Las leyes sexuales se suavizaron. En 1805 todavía el marido traicionado tenía derecho a matar a su esposa y al cómplice, aunque no a uno de ellos solamente, pero quince años más tarde el primer código penal rebajó el castigo de los adúlteros a una reclusión de hasta diez años fijada por el ofendido. A mediados de siglo, el adulterio del marido se tipificó como delito siempre que se perpetrase en el sagrado recinto del hogar. En este clima aperturista nació el proyecto de Ley de Divorcio de 1851 que pretendía paliar los abundantes casos de bigamia que venían produciéndose. Bígama involuntaria fue la heroína nacional Agustina de Aragón. Su primer marido desapareció en combate y seis años después apareció cuando ya ella había vuelto a casarse.
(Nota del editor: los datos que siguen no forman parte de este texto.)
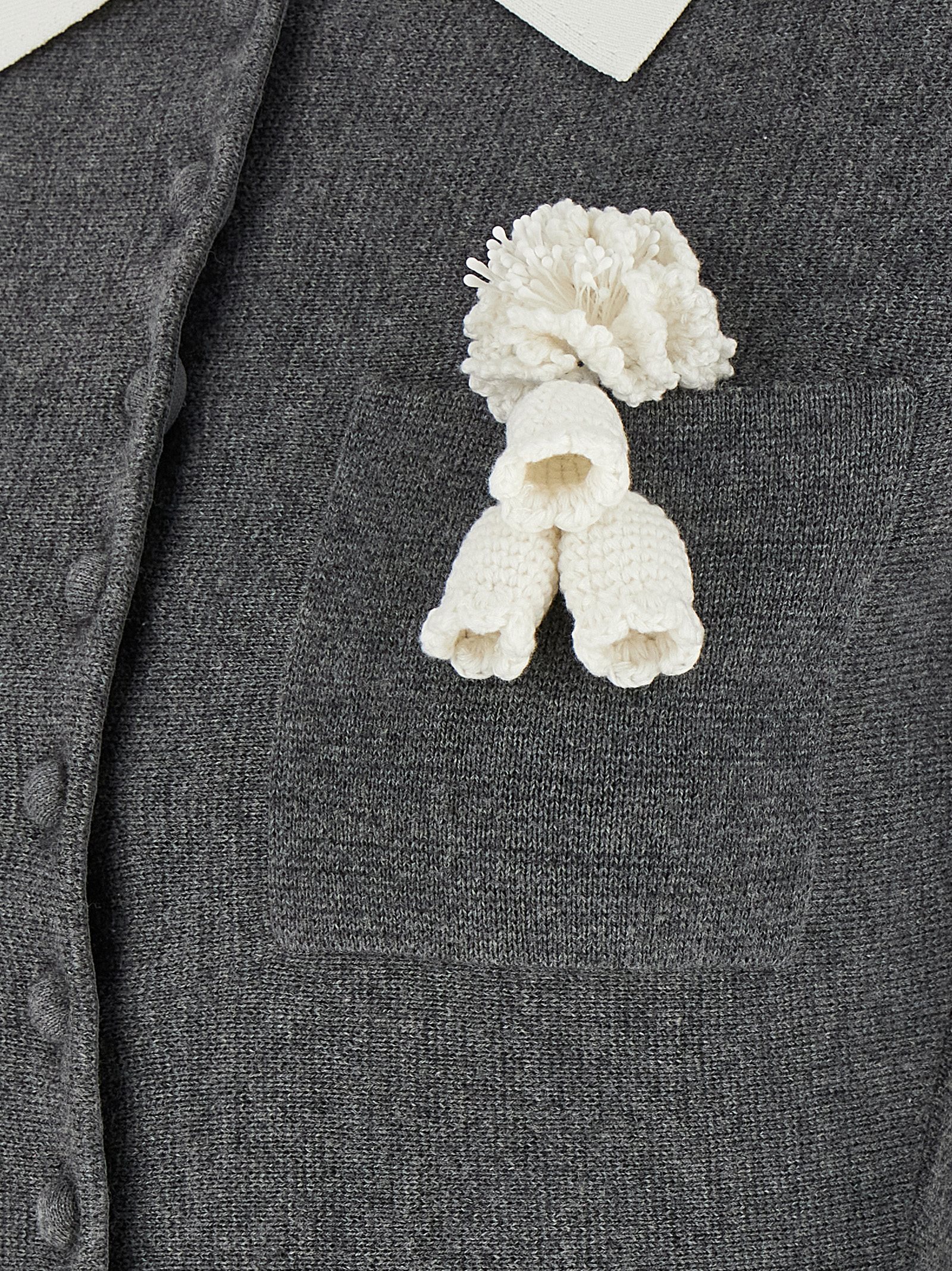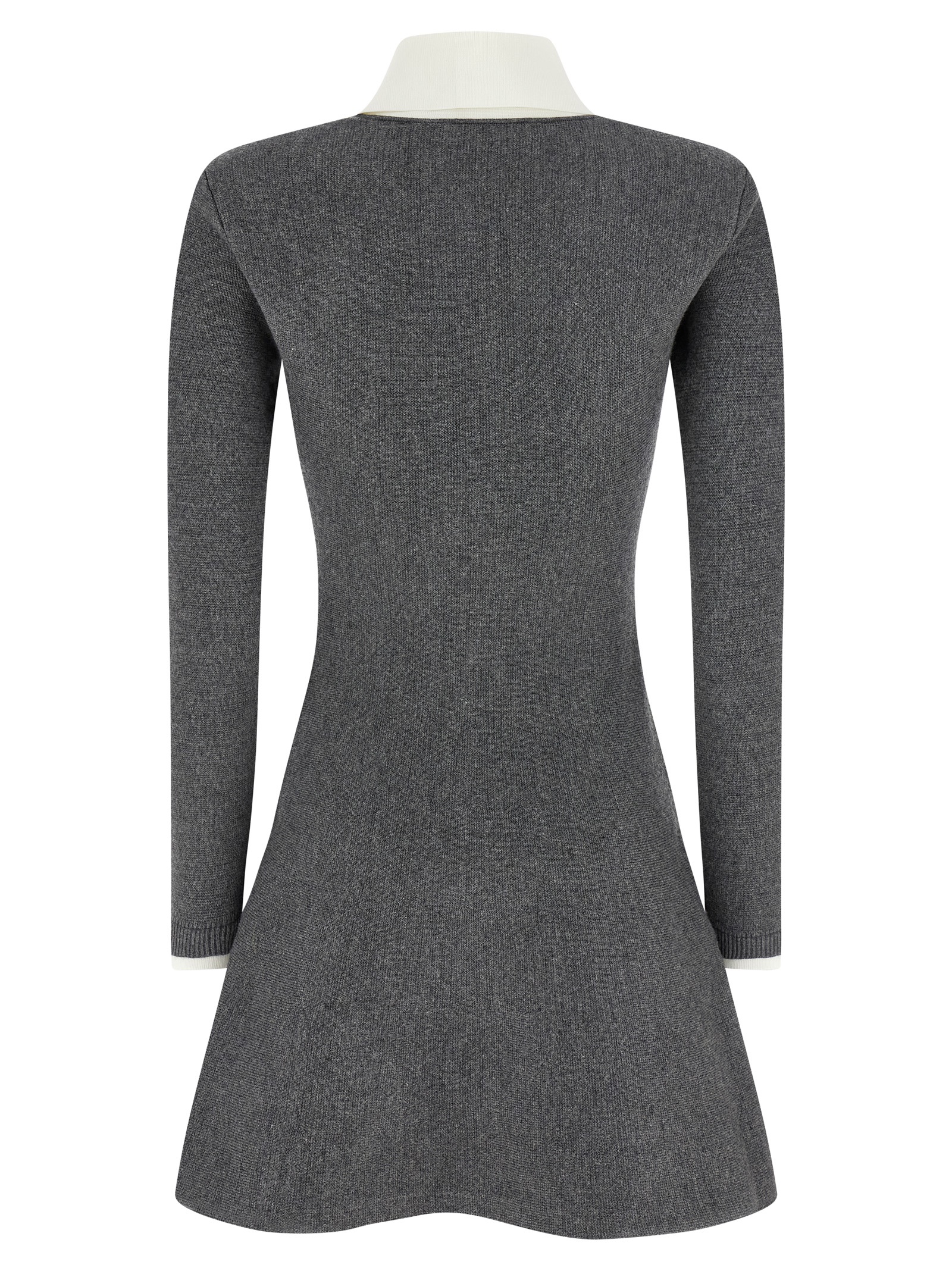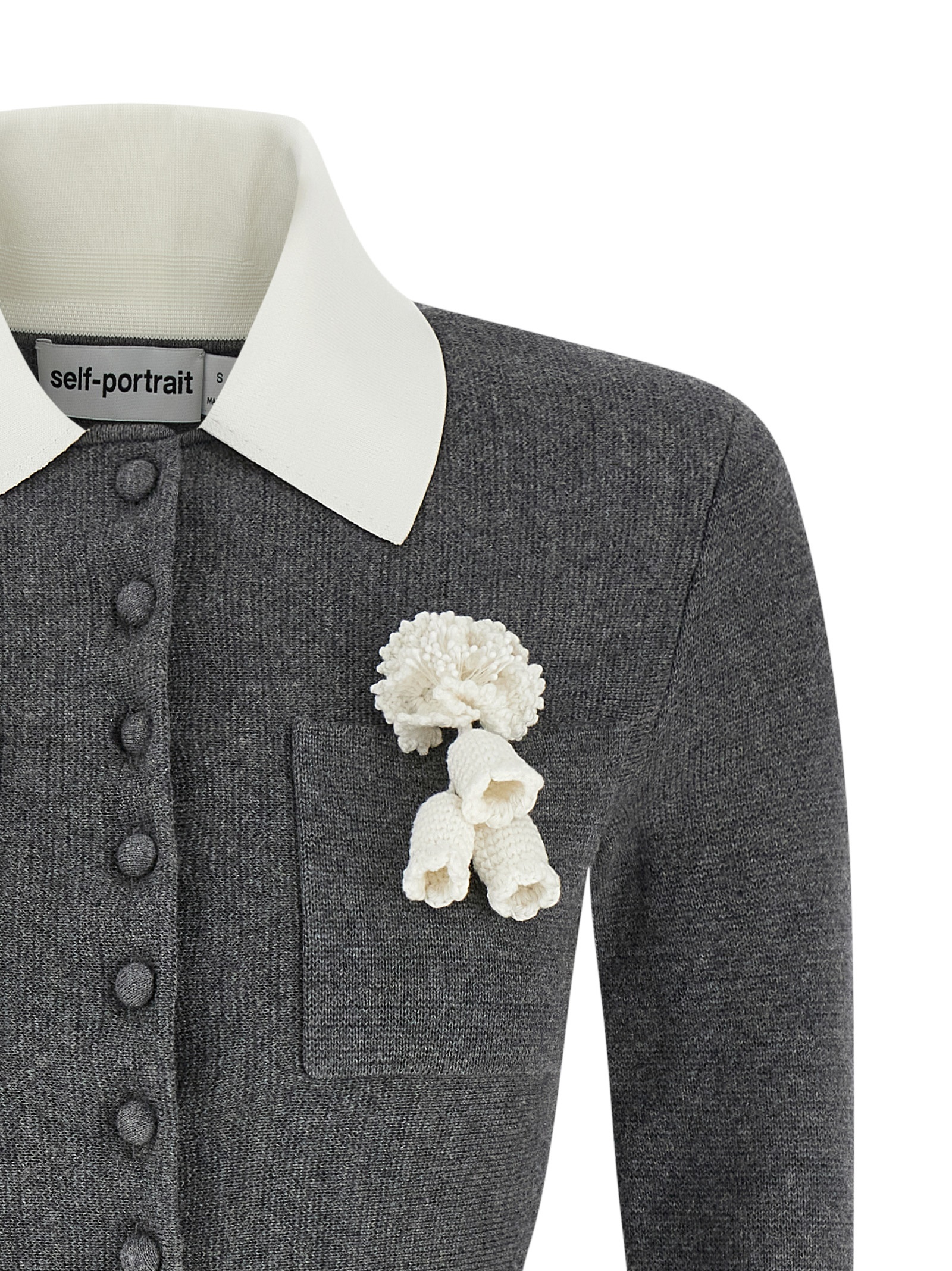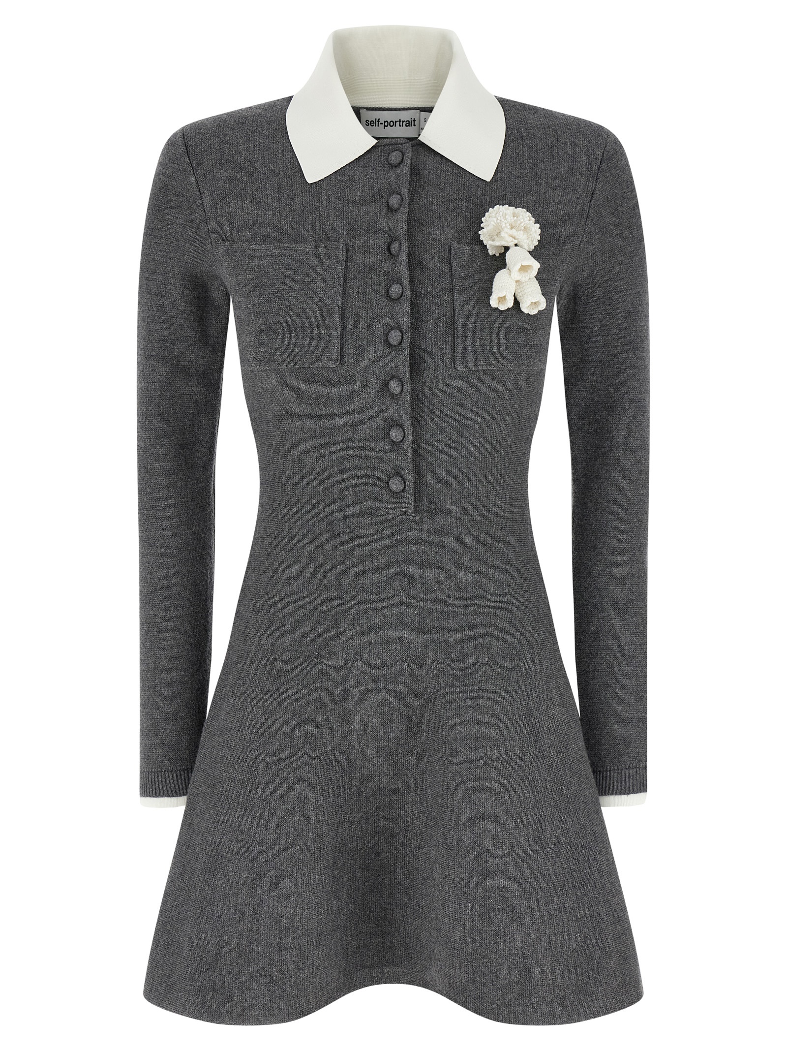 Knitted mini dress, shirt collar and contrast cuffs, removable crochet brooch detail, front buttons, flared hem, long sleeves

La heroína resolvió el dilema salomónicamente, separándose del segundo para casarse con un tercero. Los tres eran militares, donde se manifiesta cuánto atraía a la valerosa aragonesa la vida castrense.
Los burdeles.
El siglo XIX, heredando un impulso de la época ilustrada, se convirtió en el gran siglo de los burdeles. En las grandes ciudades pululaban cortesanas de toda laya y condición. En Londres, una de cada quince mujeres ejercía el antiguo oficio y algunas de las casas de lenocinio se especializaban en flagelación, el acreditado y tradicional vicio inglés. Un gran conocedor del tema, hombre viajado y experimentado, señalaba las características esenciales de las putas según nacionalidades: las españolas eran cariñosas, generosas y espontáneas; las francesas, fascinantes y buenas conversadoras pero interesadas, superficiales y desvergonzadas; por el contrario, las inglesas le resultaban vulgares, degradadas y brutales.
Las grandes cortesanas triunfaban internacionalmente y emparentaban con la aristocracia e incluso con la realeza. Por ejemplo, Lola Montes, de la que el rey Luis I de Baviera quedó prendado para siempre después de que le provocara «diez orgasmos en veinticuatro horas» y ello sin recurrir a los afrodisíacos con que la nueva farmacopea asistía los apetitos decumbentes, principalmente el fosfato de cinc, la yohimbina y la tradicional cantaridina.
Nuevas formas de seducción triunfaron sobre los escenarios, entre ellas el strip-tease, cuya primera representación se remonta a 1847, cuando una chica apellidada Odell se desnudó al compás de la música en el Teatro Americano de Nueva York.